Ero adolescente quando, per la prima volta, vidi e ascoltai Rossana Rossanda. Stavamo in un’assemblea dell’area del giornale e del gruppo politico denominato “Il Manifesto”, precisamente nel romano cinema Jolly a pochi passi dalla Stazione Tiburtina.
“Può forse un grande partito come il Partito Comunista Italiano accusarci di metterlo in difficoltà con la nascita, alla sua sinistra, della nostra piccola organizzazione? Non credo sarebbe giusto affermarlo! Un elefante non può accusare un moscerino se non riesce a muoversi!”
Qualcosa del genere, in un pomeriggio dei primissimi anni ’70, sentii con le mie orecchie dalla sua diretta voce, una voce senza dubbio ritmata da un’abile arte oratoria. Lei aveva pure un buon intuito su cosa fare e dove stare nelle principali battaglie politiche che, dopo il big bang del ’68-’69, attraversarono la Prima Repubblica. Nei primi anni ’70 stette dalla parte dell’anarchico Pietro Valpreda, accusato innocentemente di essere il responsabile della strage di piazza Fontana del 12 dicembre 1969.
La cosa più rivoluzionaria che fece in vita sua fu infatti proprio quella di far candidare lo stesso Valpreda nella lista del gruppo “Il Manifesto” alle elezioni politiche del 1972. “Il Manifesto”, risultato settimo fra i partiti, ottenne solo 224 mila voti ma contribuì, a modo suo, alla campagna della sinistra rivoluzionaria contro la strage di Stato. In seguito partecipò alle lotte di massa e referendarie per difendere la legge sul divorzio e quella sull’aborto.

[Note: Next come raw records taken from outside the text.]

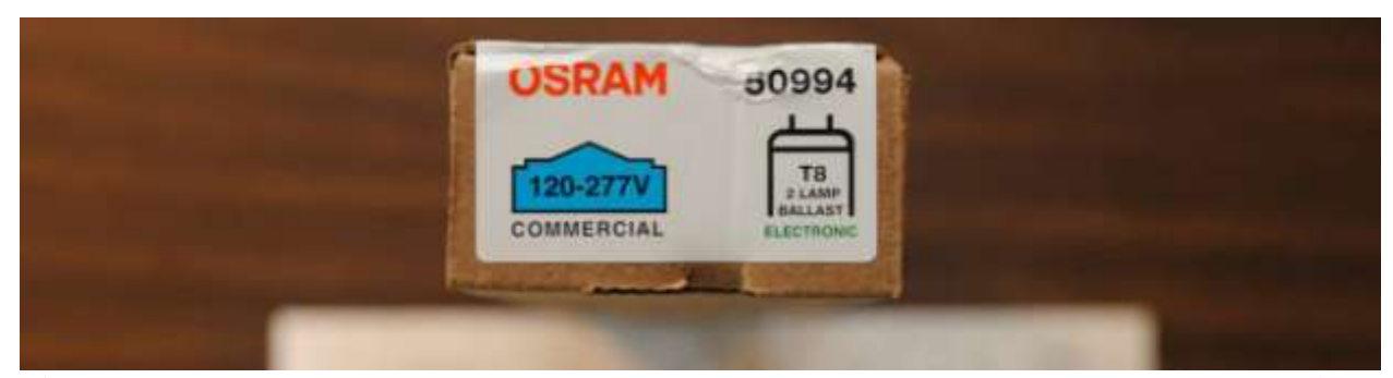
Figure 3.2 – This is the commercial ballast incorrectly recommended by a Lowe's associate for residential lighting purposes.

As in the other Lowe's, the display intermingled residential and commercial ballasts and fixtures. The orange striped box at the left holds Osram (Sylvania) 50994 commercial T8 ballasts for powering two 4' T8 tubes at 32W each (F32) from 120-277VAC. The blue GE residential ballast at right powers the same compliment of tubes from 120VAC mains only for $15.97 each.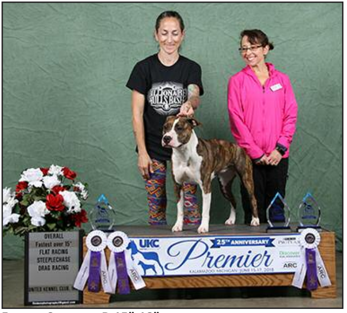
Fastest Category D 15"-18"

CA NV NI PTS URO1 UWPCH CH Fonvielle's Ptak4t Of Hopyards.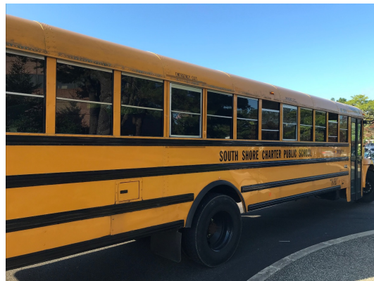
Rolling in and ready to learn. First Day of School - August 30, 2022.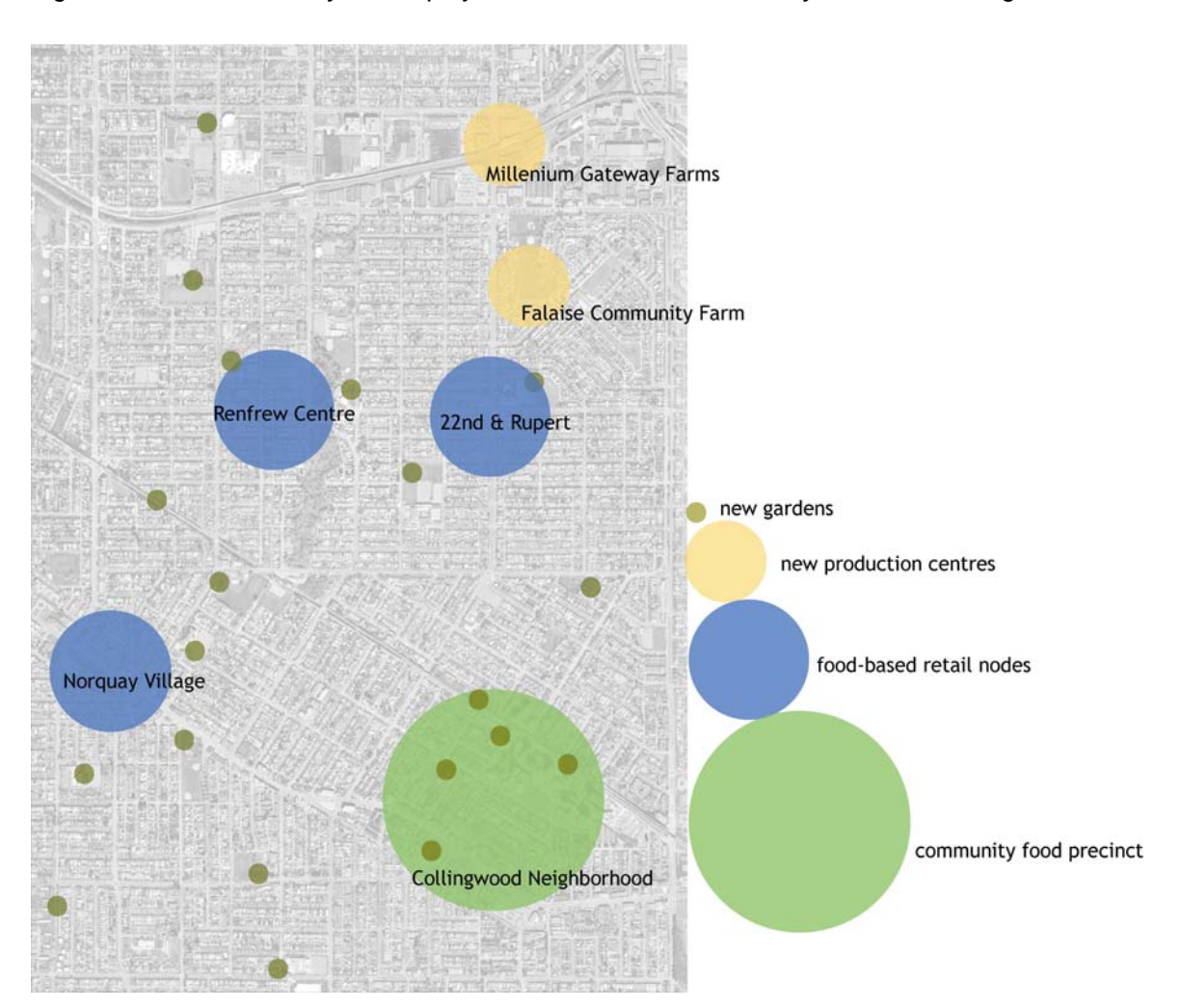
Figure 3: In this community vision, project areas are circled in olive, yellow, blue, and green.

suggests a food producing garden in almost every park and school in the area, located to serve as park entrances or active and interesting park and street edges. Rooftop farms would create gateways into the city for SkyTrain commuters, weekly public markets would animate the streets with vendors and musicians, and the towers and cisterns of composting and irrigation systems would become significant local landmarks. The net result would be neighborhoods in which productive landscapes would contribute to a far more animated and highly differentiated public realm.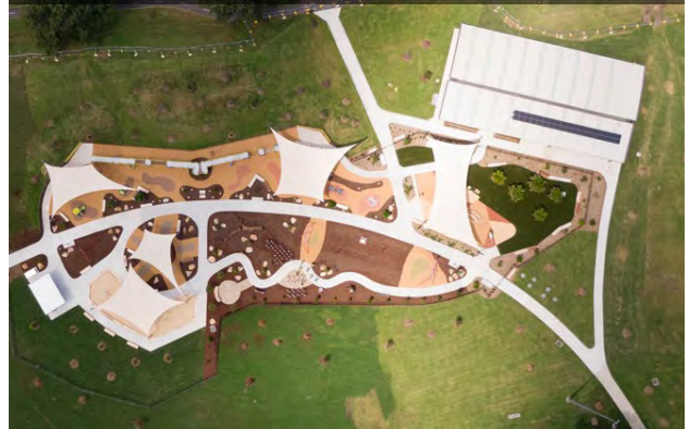
Meadowbank Park Regional Playground City of Ryde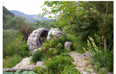
Parks and Gardens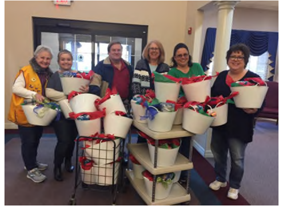
Judson Lions put together and donated 26 gift baskets to the memory care unit at Buckner.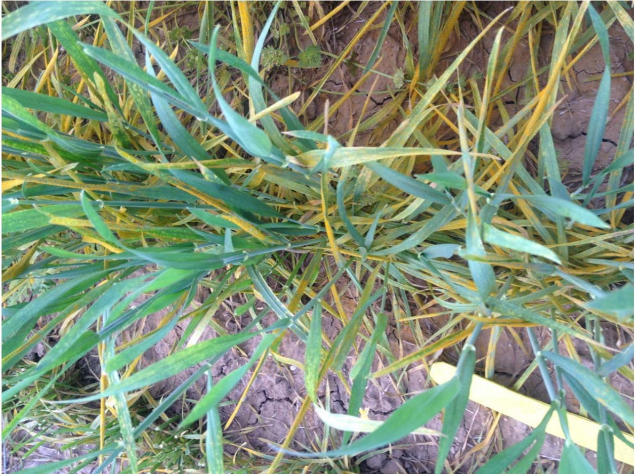
Figure 2. Heavy stripe rust infection in lower canopy – San Angelo, TX March 2015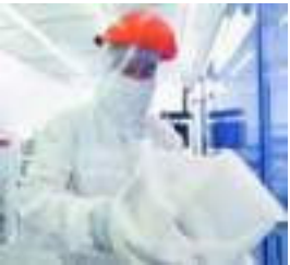
ABB helps customers improve their operating performance, grid reliability and productivity while saving energy and lowering environmental impact.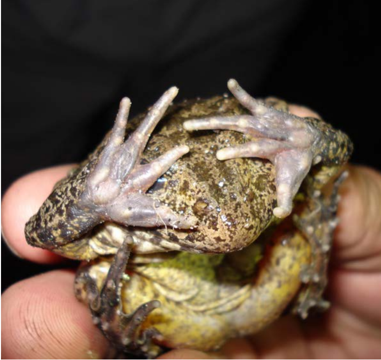
Gopher Frog in a "defensive" posture (Jeff Humphries)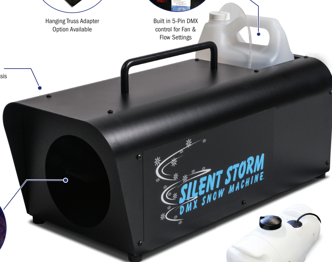
Fluid Distribution System (FDS) available (25 gallon tank shown)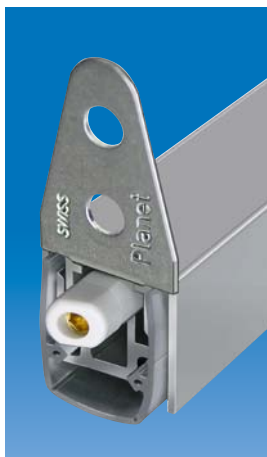
Planet MF with metal retaining bracket, release knob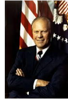
President Gerald Ford

Gerald Ford was elected president, serving 1977-1981.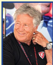
Mario Andretti in 2017

Since his retirement from full-time racing Mario keeps busy with speaking engagements and the role of spokesman for Texaco/Havoline, Firestone and Magnaflow. He owns a Toyota dealership, car washes, go-kart track and is involved in many other ventures.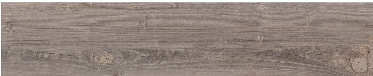
| 8 x 40 |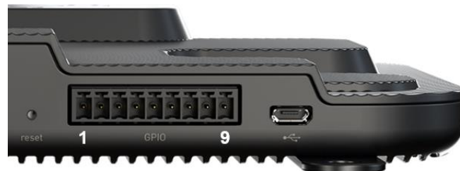
Table 7: Impinj R700 GPIO Electrical Specifications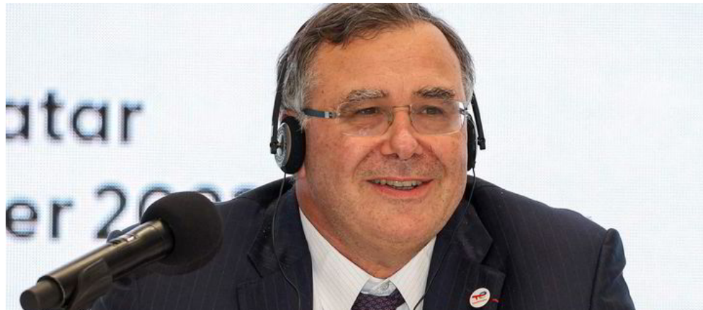
Supermajor TotalEnergies gets vital go-ahead to drill in red hot Orange basin

News TotalEnergies Namibia Venus Orange basin Africa Sub-Saharan Africa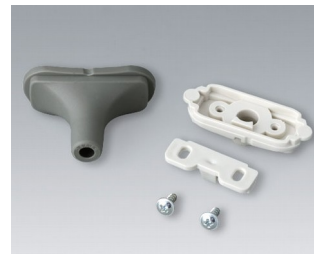
B2911328 Cable gland kit, 5.0 - 5.9 TPE volcano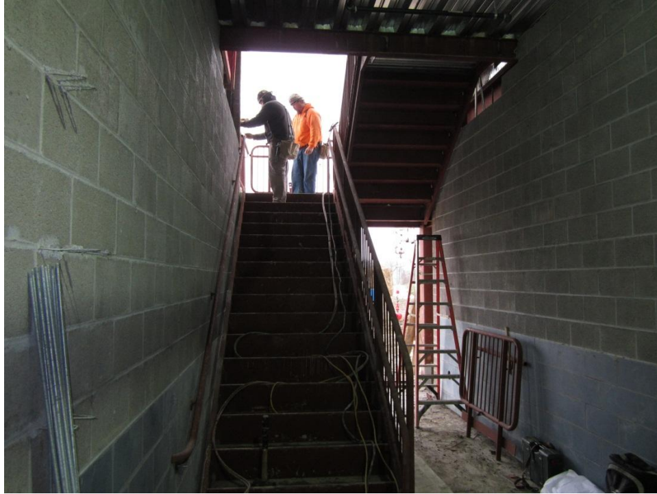
Stairwell area d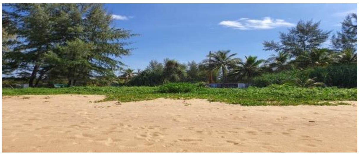
From the beach looking East, back to the project NEW PROJECT RENDERS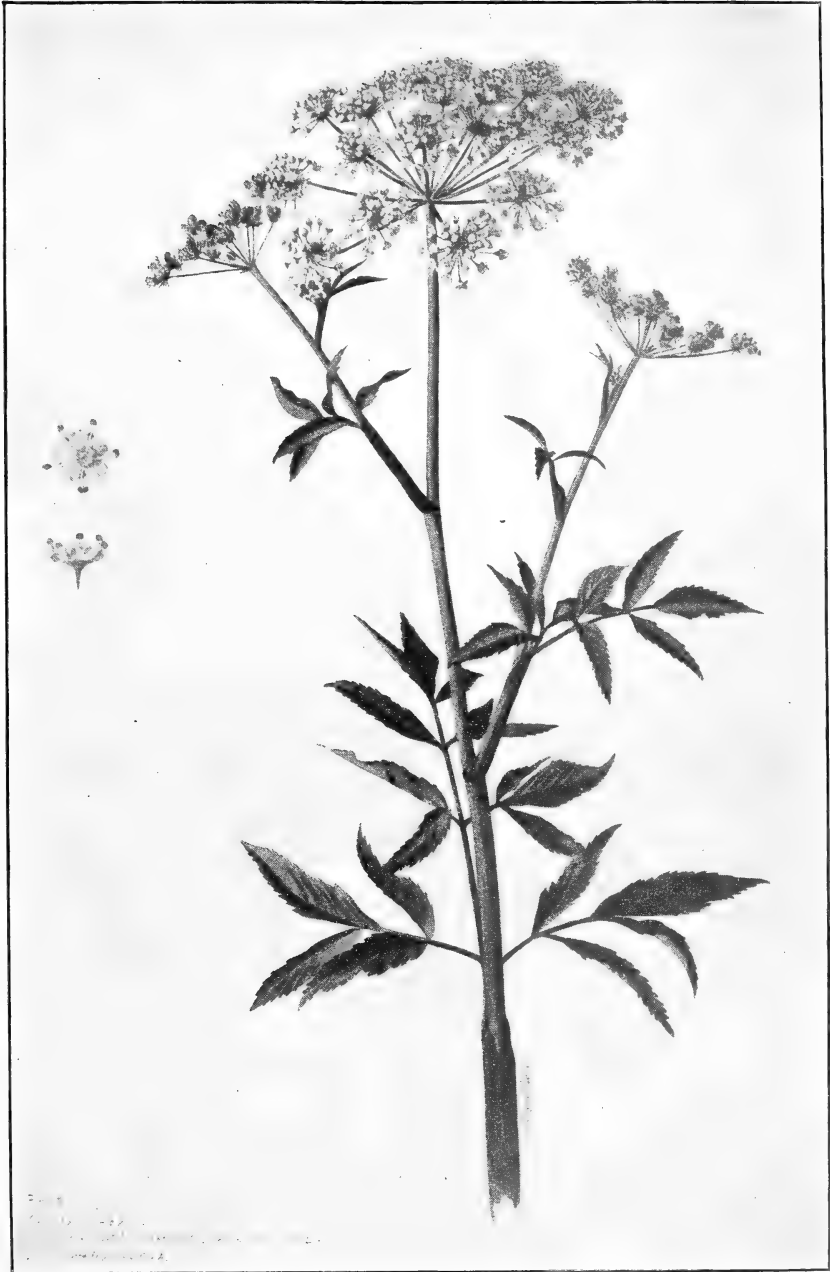
CICUTA VAGANS, SHOWING LEAVES AND FLOWERS.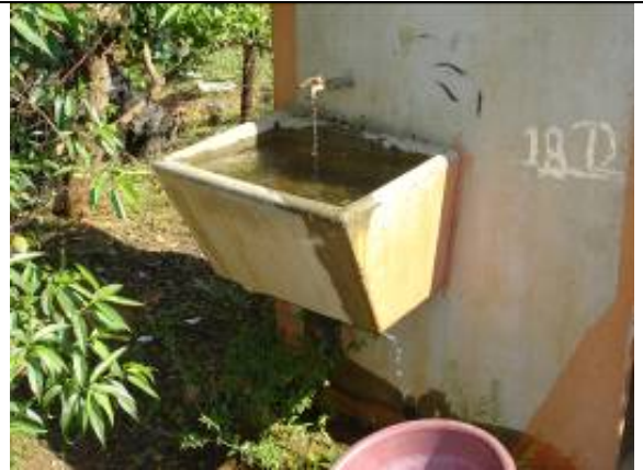
Figure 7: Tap running permanently

Because of the interventions, the average consumption reduced from 111m 3 /h to 80m 3 /h resulting in a savings of 31m 3 /h or 744m 3 /day. The Minimum Night Flow (MNF) was reduced from 94m 3 /h to 59m 3 /h.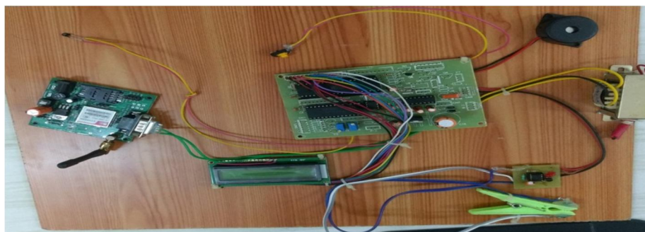
Fig 3. Experimental setup of intelligent patient monitoring system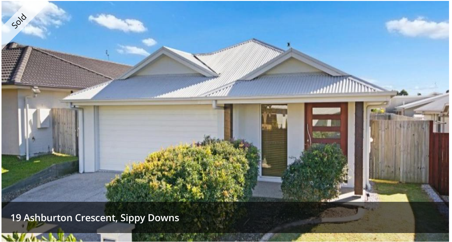
19 Ashburton Crescent, Sippy Downs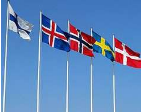
Fig. The Nordic flags. From left to right respectively; the flag of Finland , Iceland , Norway , Sweden and Denmark .

World Health Organization, United Nations, Red Cross. The International Court of Justice 64 is in Monarchial Hague, Netherlands.

Nel big bang del movimento del 1977 contro le politiche economiche dell’austerità, a solo danno del proletariato, e la connessa formula governativa della “solidarietà nazionale”, rimase un po’ confusa assieme a tutta la sua specifica compagine politica. Durante il sequestro del presidente della Democrazia Cristiana Aldo Moro da parte delle Brigate Rosse, nella primavera del 1978, fu in contrasto rispetto alla “linea della fermezza”, rigidamente orchestrata dai dirigenti della Dc e del Pci, e a favore della “linea della trattativa”. Tra la fine del 1980 e l’inizio del 1981, durante il sequestro del giudice D’Urso, organizzato dalle Brigate Rosse allo scopo di ottenere la chiusura del carcere speciale dell’Asinara, si comportò in modo analogo. Nella prima metà degli anni ’80, pur denunciando le torture, favorì il movimento della “dissociazione” da parte di svariati prigionieri politici della lotta armata e del sovversivismo rosso e quindi, sia pur indirettamente, favorì la successiva legge della “dissociazione” (18 febbraio 1987, n° 43), cioè una legge a sostegno dell’abiura. Per tutti gli anni ’80 e fino al 1991 sbagliò l’analisi sulla politica internazionale, prima dando giudizi positivi sulla Polonia di Walesa e poi sulla perestroika di Gorbaciov.
In seguito, nel 1993, cercò di controbilanciare la situazione con il libro-intervista all’ex brigatista rosso Mario Moretti, persona tuttora in semilibertà dopo circa 40 anni di detenzione. Sì, parlò con alcuni prigionieri politici che non avevano usufruito della legge sulla “dissociazione” ma non è questo che dimostra il suo amore per la giustizia e per la libertà. La vera Rossana Rossanda, al di là dei frequenti errori di analisi sulla politica internazionale e al di là delle apparenze, è stata quella che ti guardava negli occhi e, se avevi difficoltà a causa della repressione statuale, ti dava il consiglio giusto al momento giusto. In questo senso, mettendo la storia con i piedi per terra, possiamo affermare che lei, “la ragazza del secolo scorso” fece parte dell’album di famiglia della compagneria.
Non era lei a dover dire se ne facesse parte questa o quella componente.
Era ed è la compagneria, almeno nella sua stragrande maggioranza, a pensarlo di lei.